Not that this dilemma is all Flynn’s fault. Beverly Aandland (Dakota Fanning) did show up to a Hollywood movie set with a fake birth certificate saying she was 18. And she never mentioned her age, even though Flynn had his suspicions she was young — too young. Later when he finds out how old she is, he doesn’t recoil or jump out the dating pool, but manipulates Beverly’s mother, a rotten piece of work named Florence (Susan Sarandon), who justifies the pimping out of her daughter in the name of her career. “This is how all the young starlets get roles,” she says convincing no one but herself.

 

The Last of Robin Hood is told from the point of view of Beverly, who wasn’t raped on her first date with Errol Flynn, though it came very close. When Flynn turns up the next day, he’s head over heels for her and charms her into a relationship that lasts until his death two years later from alcohol and drug abuse.
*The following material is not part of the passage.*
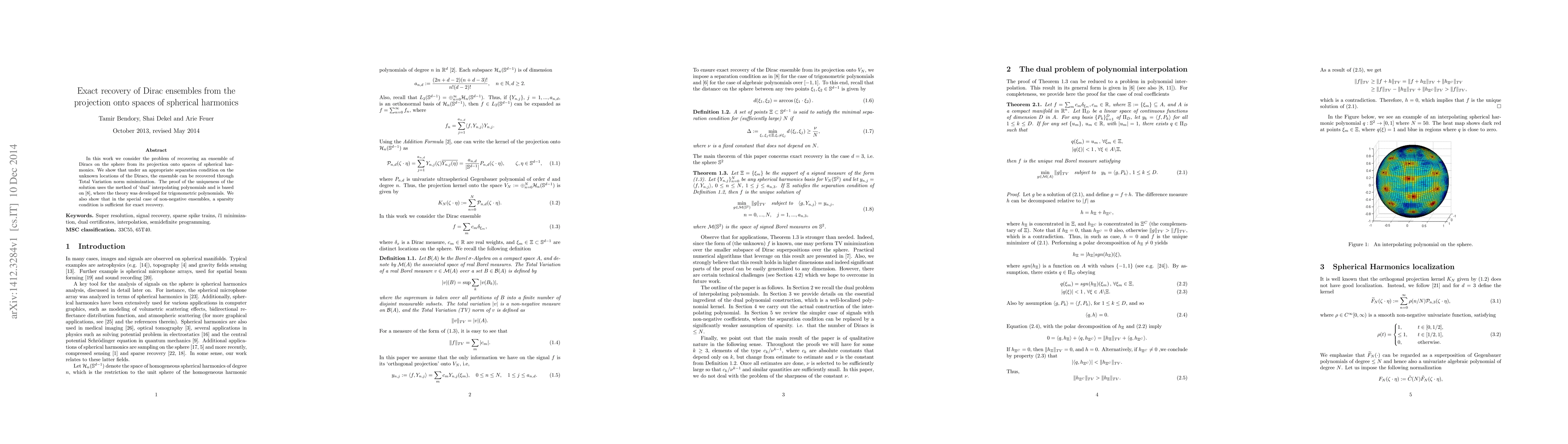 In this work we consider the problem of recovering an ensemble of Diracs on the sphere from its projection onto spaces of spherical harmonics. We show that under an appropriate separation condition on the unknown locations of the Diracs, the ensemble can be recovered through Total Variation norm minimization. The proof of the uniqueness of the solution uses the method of `dual' interpolating polynomials and is based on [8], where the theory was developed for trigonometric polynomials. We also show that in the special case of non-negative ensembles, a sparsity condition is sufficient for exact recovery.
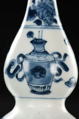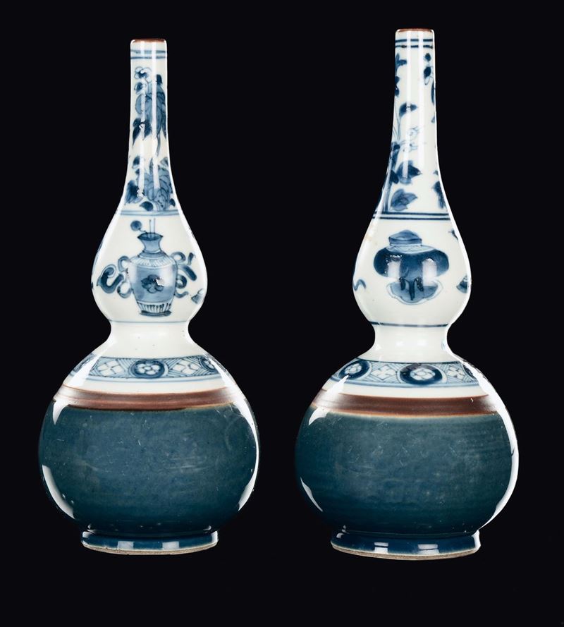 A pair of blue and white double-pumpkin small vases depicting flowers and with gilt outline, China, Qing Dynasty, Kangxi Period (1662-1722)

As Beverly begins to learn about Errol, she’s just as smitten as her mother, who accompanies the couple everywhere they go to divert unseemly rumors and gossip magazines. Beverly reminds Errol of a “little sprite … a wood nymph,” so he calls her Woodsy, which is not a flattering nickname when yelled across rooms at parties.

 

Flynn is played by Kevin Kline, an actor who also dated (and married) a much-younger starlet — though Phoebe Cates was very much a legal adult when they began dating. Comparison images reveal similarities yet Kline’s version of Flynn is not as dashing as Jude Law’s swashbucklin lothario from The Aviator. Kline does a commendable job, except he’s just not given much to work work around. Flynn could command a room and seduce women with ease, but the script writes him as a hollow shell of want and need. The frustration that Flynn was experiencing as his career faded was likely immense, but the The Last of Robin Hood seems more concerned with tacky spectacle — wooden canes to illustrate his deteriorating health, hidden flasks to show his alcohol dependence, and barely a mention of his communist flop, Cuban Rebel Girls, which Beverly starred in. Even a scene with Max Casella as a young Stanley Kubrick casting Lolita could not put Flynn’s career into perspective.

 

Fanning, like Kline, seems to struggle with the script, which is as knotty and floatable as her nickname. Dialogue is terribly written, and occasionally terribly acted, and much of the lightweight staging and tempo give the impression of a Lifetime TV movie. I wasn’t surprised to see Lifetime Films produced it — it just looks cheap. I will say this for Fanning, she does convey the innocence of and frailty of a 15 year old. Her whisper-thin frame and her childlike voice give credibility to her character’s age, even as Fanning pushes closer to 21 years old.

 

Sarandon, though, is a mess. Her performance is all over the place, except where it needs to be. And her mother character’s motivations are all over the place. By the end of the film I wasn’t sure if she really wanted Beverly to succeed, wanted a free ride or was herself in love with Errol Flynn. When Florence tells Beverly’s father about Flynn’s advances, the dad flips. “Errol Flynn is a walking penis,” he shouts. I liked this guy, and I wanted other characters that smart.

 

In the end, though, the Lifetime audience will love this. Everyone else, not so much.